Thursday, June 18, 2009

Nietzsche on Morality and Aesthetics

I am reading through Thus Spake Zarathustra and found this quote particularly disturbing... mostly because how many of my generation have so fully embraced it.

"Many Lands saw Zarathustra, and many people; thus he discovered the good and bad of many people. No greater power did Zarathustra find on earth than good and bad.
No people could live without first valuing; if a people will maintain itself, however, it must not value as its neighbor valueth. Much that passes for good with one people was regarded with scorn and contempt by another, thus I found it. Much found I here called bad, which was there decked with purple honors."
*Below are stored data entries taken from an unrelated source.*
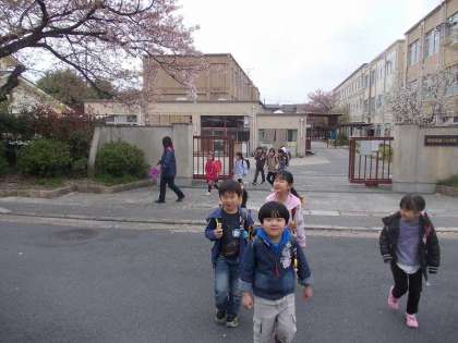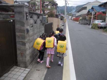 1年生は集団下校です。今日は,東門から帰るチームに付き添いました。東門が施錠されていましたので,児童館組は,校内から入れる門を開けてもらって児童館に帰っていきました。路側帯のカラー舗装をしていただいてので,線を意識して道路の端を安全に歩く事ができていました。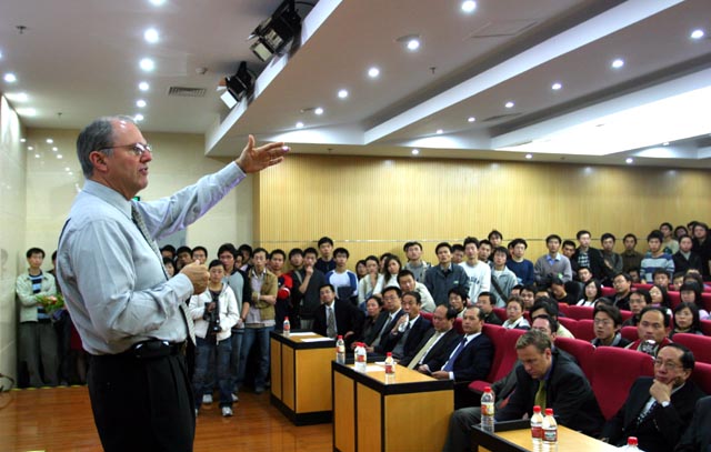 Mundie先生来到图书馆报告厅为早已在此等候的三百多名师生进行了题目为《由灵活组合来解决并发及复杂问题》的专题讲座,并通过回答提问的方式与在座的同学进行了交流。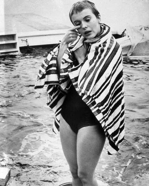 Jean Seberg in black swimsuit with towel around shoulders 8x10 inch photo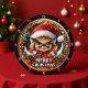 Esta ilustração encantadora mostra uma criança doce de face com olhos azuis brilhantes, vestindo um chapéu de Papai Noel e uma casaco xadrez. Ela está espiando por trás de uma coroa de Natal nevada decorada com pinecones e amoras sagradas. Um cartaz na parte inferior diz 'MERRY CHRISTMAS', criando um design alegre e festivo de férias.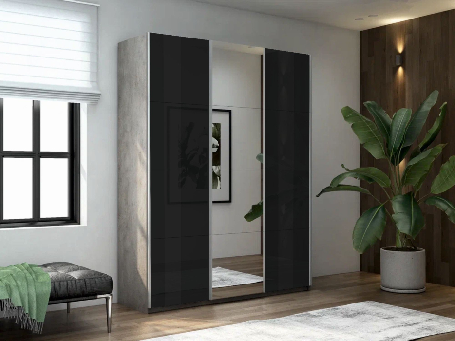 Отзывы о Столплит Шкаф-купе Прайм 3-х дверный Стекла черные/Зеркало/Доводчики 210х57х230 бетон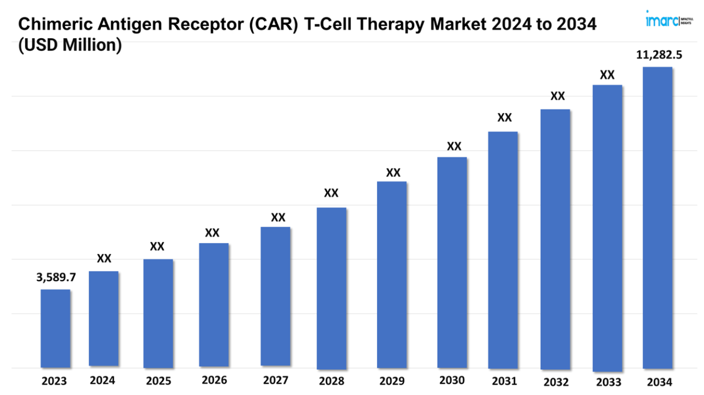 The CAR T-Cell Therapy Market Size reached a value of USD 3,589.7 Million in 2023. Looking forward, IMARC Group expects the 7MM to reach USD 11,282.5 Million by 2034, exhibiting a growth rate (CAGR) of 10.85% during 2024-2034.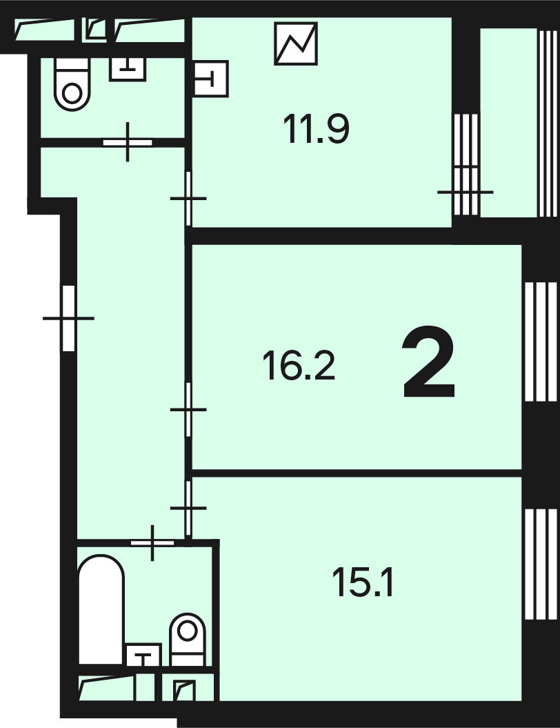 Количество комнат 2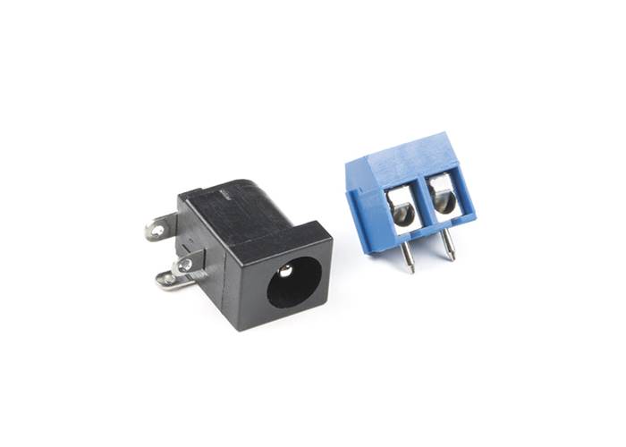 The DC Barrel Jack comes with the kit but the input footprint will also allow for a 2-Pin screw terminal so if you don't need a DC barrel for the input you can pick up an extra screw terminal and solder it instead.

Essentially, it is the community that determines values: whether something is right or wrong; beautiful or ugly, et cetera.  Morality and aesthetics are not tied to any transcendent reality, they are simply what a group of people agree to value.  There is no higher standard to which one community can compare it's preferences to another's.  Therefore power becomes key, as one community is able to exercise control over another.  We see this line of thinking played out in American politics all time.  For instance, homosexual rights groups and the religious right are two communities with opposing systems of morality.  Through Nietzschean lenses, which ever group prevails simply exercised more power.  For this reason the warrior is exalted in Nietzsche's system.

However, Zarathustra (i.e. Nietzsche) ultimately concludes that the ethical inconsistency is derivative of a flawed species:

"But pray tell me, my brethren; if the goal of humanity be still lacking, is there not also still lacking- humanity itself."

How strange that Nietzsche, who so keenly sees the deficiencies of humanity, looks for the Superman to emerge from this insufficient source.